Pour comprendre la situation actuelle de Mohammed Ali, il faut remonter au premier mariage de son père, dans les années 1970. Son arrière-grand-père vient alors de décéder et les frères de son grand-père, qui sont restés au village, contestent ses droits à conserver une part des terres. Pour garder des liens au village, il marie son dernier fils à la fille de l’un de ceux-ci, récemment veuve d’un premier mariage avec un autre de ses cousins. Le mariage est un échec, si bien que l’épouse restera vivre à la campagne dans la maison du grand-père, tandis que le père de Mohammed Ali résidera en ville, où il se remariera.

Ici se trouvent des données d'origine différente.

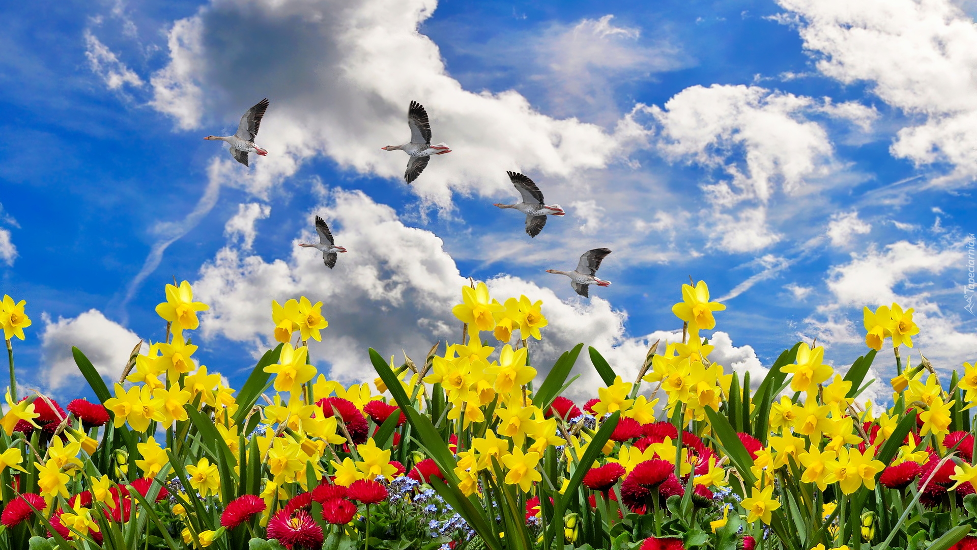 Edytor tapety: Narcyzy żonkile i gęsi na tle nieba
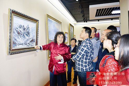 蔚国银(左一)在山西美术馆给观众介绍自己的雪域高原油画巡展作品
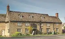 Bletchingdon village was originally built around a green, but the houses on the north side were demolished when Bletchingdon Park was extended. The earliest known record of a pub in the parish dates from 1616. By the 1670s there was one called the Angel and Crown. In 1703 Bletchingdon had three pubs: the Green Man, the Red Lion and the Swan. The Red Lion survived until 1951, when it lost its licence.[5] The village's last surviving pub is The Blacks Head Inn. It is a 16th-century building that was enlarged in the 17th and 18th centuries.[17] It was originally called The Blackamoor Head, probably after a black man-servant of the local Dashwood family, who is buried in Kirtlington chapel.[5] Other theories about this pub are that it was named for battle honours attributed to a local military family, or perhaps in honour of King Charles II ("the black boy"), or it could be to do with livery[18] of royal coach companies that stopped here.
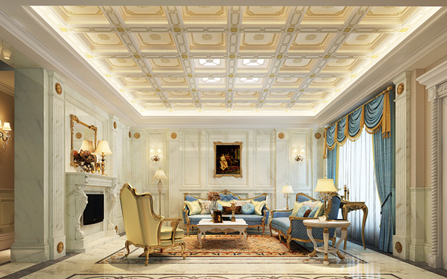 其設計理念來源于梵蒂岡的圣彼得大教堂穹窿頂,尤其是其巨大的圓形穹頂脊線有序排布的雕刻,錯落排列的方格;而最核心的客廳頂產品設計理念則來源于米開朗基羅設計的雙重圓頂,在雕刻精美的吊頂板之下設計一圈鏤空的光帶,讓光線自由發(fā)散,用光線來烘托板面的精致細膩,營造如夢似幻的空間氛圍。并借鑒其井字結構的裝飾方式,在天花吊頂領域引入腰線裝飾的概念,以腰線做架構,營造空間氣勢,突顯細節(jié)的精致與非凡的格調。
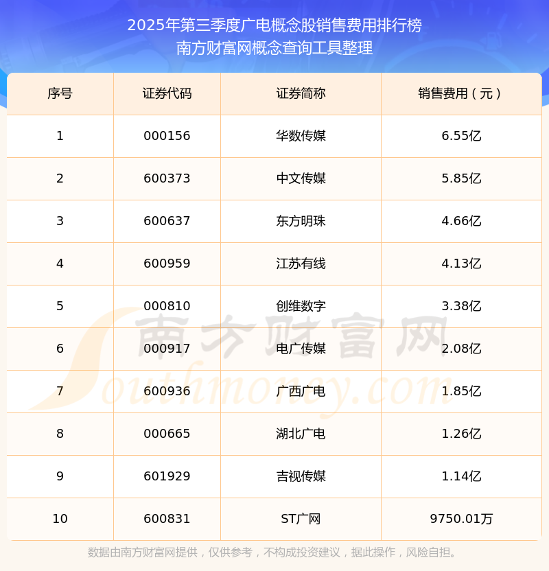 2025年第三季度廣電概念股銷售費(fèi)用排行榜如下:華數(shù)傳媒(000156)的銷售費(fèi)用總額高達(dá)6.55億,中文傳媒(600373)和東方明珠(600637)分別位居第二和第三,江蘇有線(600959)、創(chuàng)維數(shù)字(000810)、電廣傳媒(000917)、廣西廣電(600936)、湖北廣電(000665)、吉視傳媒(601929)、ST廣網(wǎng)(600831)分別進(jìn)入前十,其銷售費(fèi)用總額分別排名第4-10名。
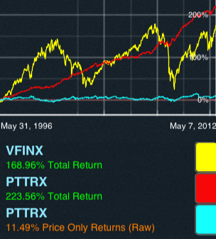 >> Try VFINX, PTTRX, PTTRX with start date 1987, and turn OFF the button for the second PTTRX, notice the huge 200%+ difference!? This is also an illustration of how bond funds can add steady value over time. The flat ‘blue’ line and the nice ‘red’ line are the SAME asset (in this case PIMCO’s Total Return fund), would you invest in the ‘blue’ asset if that and the 'yellow' lines are all you saw after 16 years? But that is what is seen on most sites that have ‘price only’ returns, naturally it disinterests most investors (seeing a mere 11% vs the invisible actual 223%). Note: the graph date auto-defaults to 1996, since that is the earliest history on PTTRX. - ***A list of tickers I could plug in to start exploring?
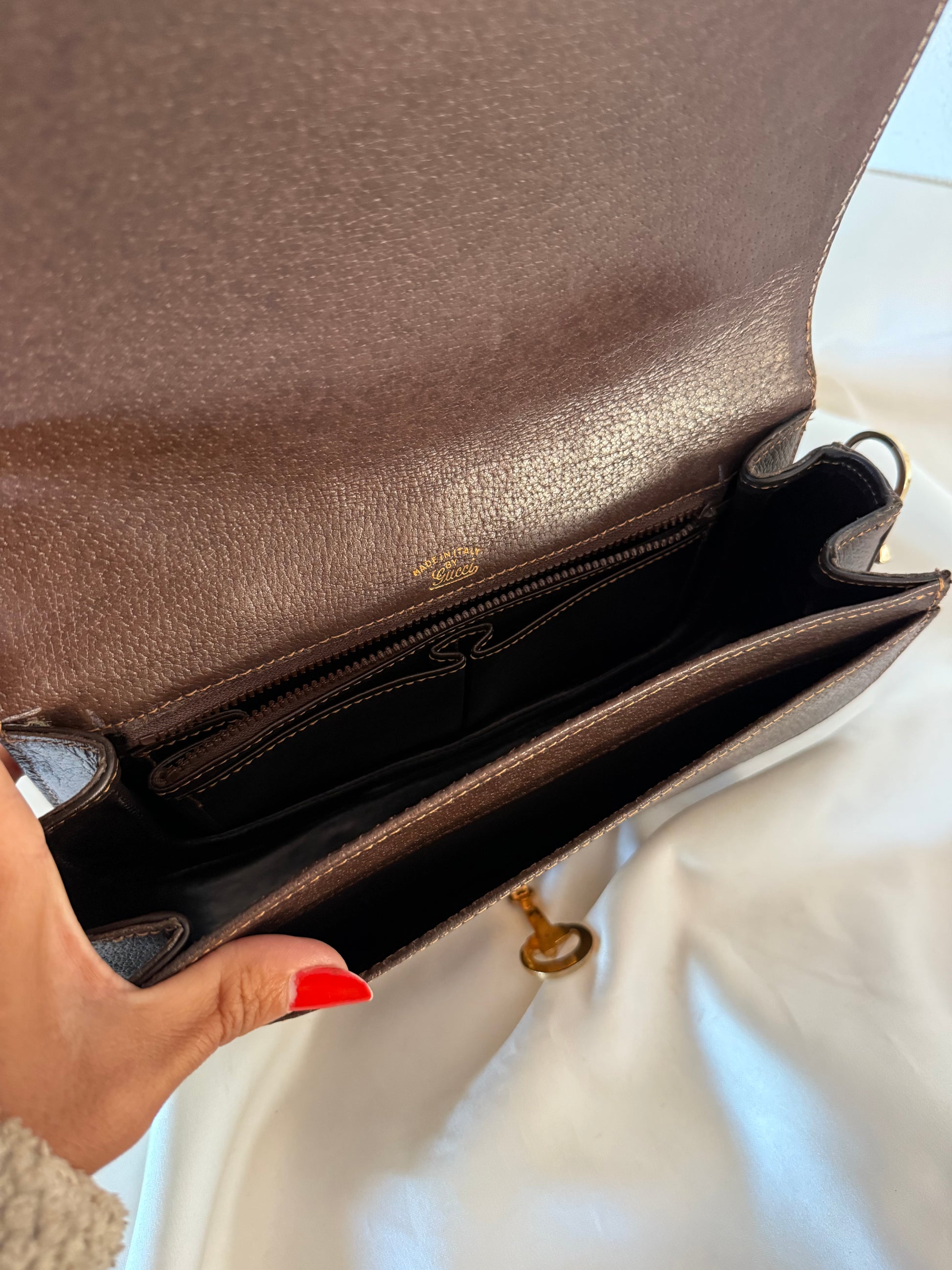 Tasken fremstår i flot stand, med lettere falmet guldhardware.

Mais Mohammed Ali est son premier fils et il veut l’éduquer ; il le prend donc à l’âge de cinq ans avec lui en ville où il sera élevé par sa grand-mère paternelle (l’Adénite), qui le gâte durant toute sa petite enfance.
Mais l’adolescence de Mohammed Ali est plus difficile : il ne s’entend pas avec ses belles-mères successives (un mariage infructueux avec une autre femme du village, puis une femme de la région de Taez, et enfin une de Sanaa) ; Mohammed Ali rêve de retrouver sa mère et ses petits frères qui, eux, grandissent au village. A 16 ans, il décide de partir y vivre : « Pendant mon enfance, quand j’y allais pour de courtes périodes, je m’y sentais vraiment bien là-bas. Mais quand j’y ai vécu, en fait j’y étais très mal… » Son père l’encourage à revenir à Taez pour finir sa scolarité, ce qu’il fait après une année passée auprès de sa mère. Sa tante paternelle, professeur d’école à Taez, le soutient et le fait travailler : « Tu me parlais de Ziad… Eh bien moi aussi c’était pareil, j’étais toujours premier, ou au moins dans les premiers… » Il termine en 1999 et six mois plus tard son père lui trouve un poste de fonctionnaire contractuel pour le Ministère des Finances à Saada. Mohammed Ali est assuré d’occuper un poste fixe à la sortie de ce premier emploi. Mais avant-même que son contrat arrive à terme, il se fâche avec son père et retourne à Taez : il veut essayer à nouveau de s’installer au village et rompt tout contact avec sa famille paternelle. « C’est pour ça que là je suis tout seul : je me suis brouillé avec tout le monde, avec mes cousins, tous. Je ne veux plus les voir, même s’ils ont tous de bons postes et qu’ils pourraient m’aider… »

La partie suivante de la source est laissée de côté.